This conflict manifests itself in many ways. We are presented with female characters that are not only beautiful but supposedly incredibly smart. But time and again their skills as surgeons are minimized in favor of prolonged sex scenes and stripteases in scrubs. Pozner argues that TV writes off female intelligence and “when females aren’t [portrayed as] embarrassingly stupid, they are condemned for being smart” (97). It doesn’t matter that these women are obviously brilliant (they couldn’t have gotten into medical school much less become surgeons if they weren’t). What really matters more is their looks, their bodies, those sultry glances across the nurses’ station and the frequent disrobing in the on-call room. Here women are shown as objects, pretty to look at and not much else, and if they happen to be smart, they aren’t smart enough to intimidate anyone, especially McDreamy. We can't have that, can we?

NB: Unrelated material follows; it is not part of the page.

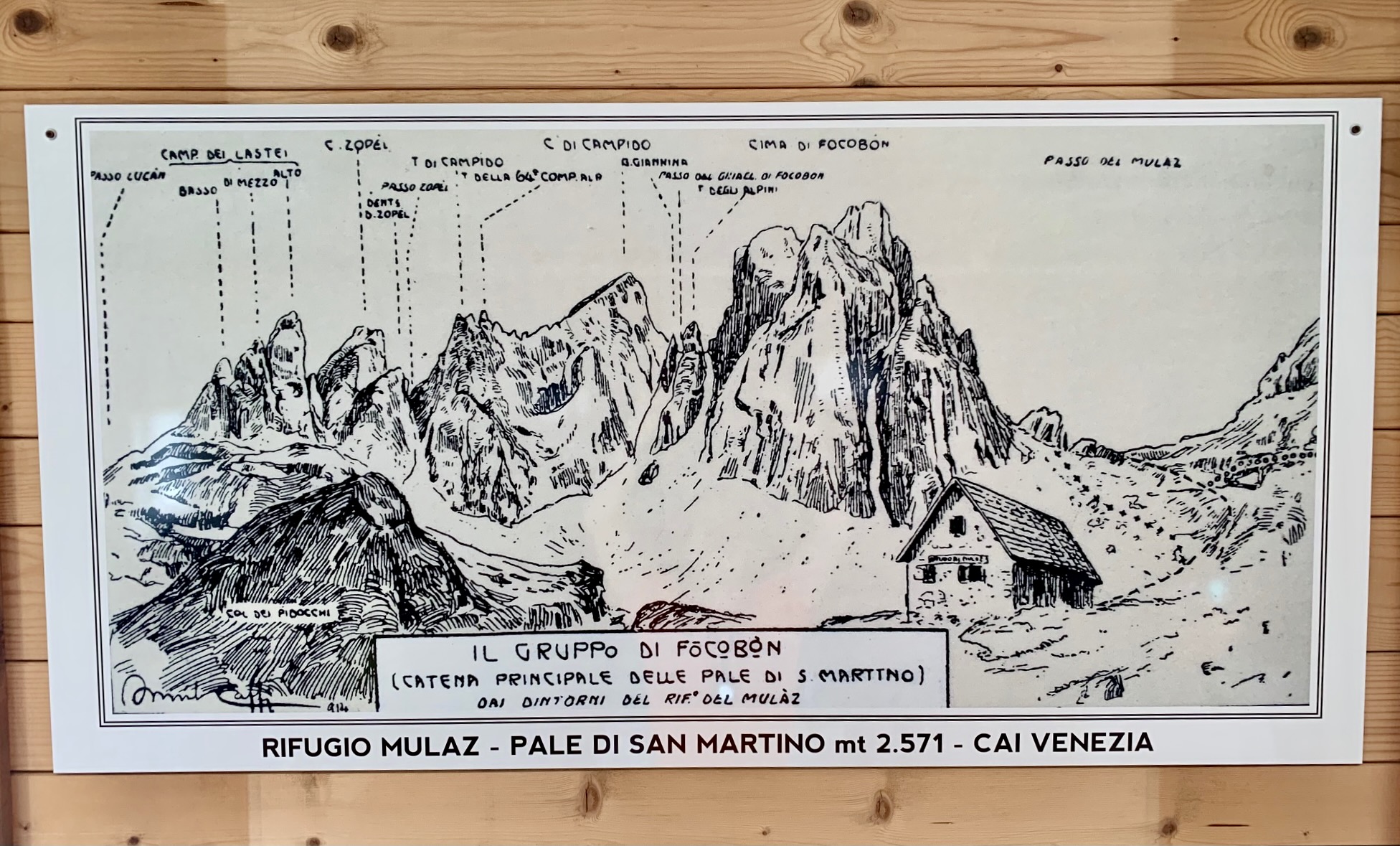 Mulaz Hut is an old stone structure tucked up against towering peaks. Like many Dolomite huts, the interior displays an interesting collection of historical photos, climbing memorabilia, and artwork.

There is also a conflict between the positions these women hold within the hospital and their means to get ahead. In med school they outshone their competition, but here they are lowly interns, the “bottom of the surgical food chain,” and they have to work their way back to the top if they want to participate in surgeries and gain praise and success in their field. Yet more often than not it’s their bodies that get them ahead, not their minds. Ouellette states that this attitude intrinsically connects female sexuality to “upward mobility… linked to the cultural codes of the working class prostitute” (123). In order to get something you want you have to give something to those in positions of power, and the people in those positions are overwhelmingly men. Meredith sleeps with McDreamy and gets preferential treatment. Christina has a tryst with Burke and gets in on his surgeries. Even if they are smart, the men are smarter, and women cannot get ahead on their own. They must let the men lead, hanging back and finding ways to please.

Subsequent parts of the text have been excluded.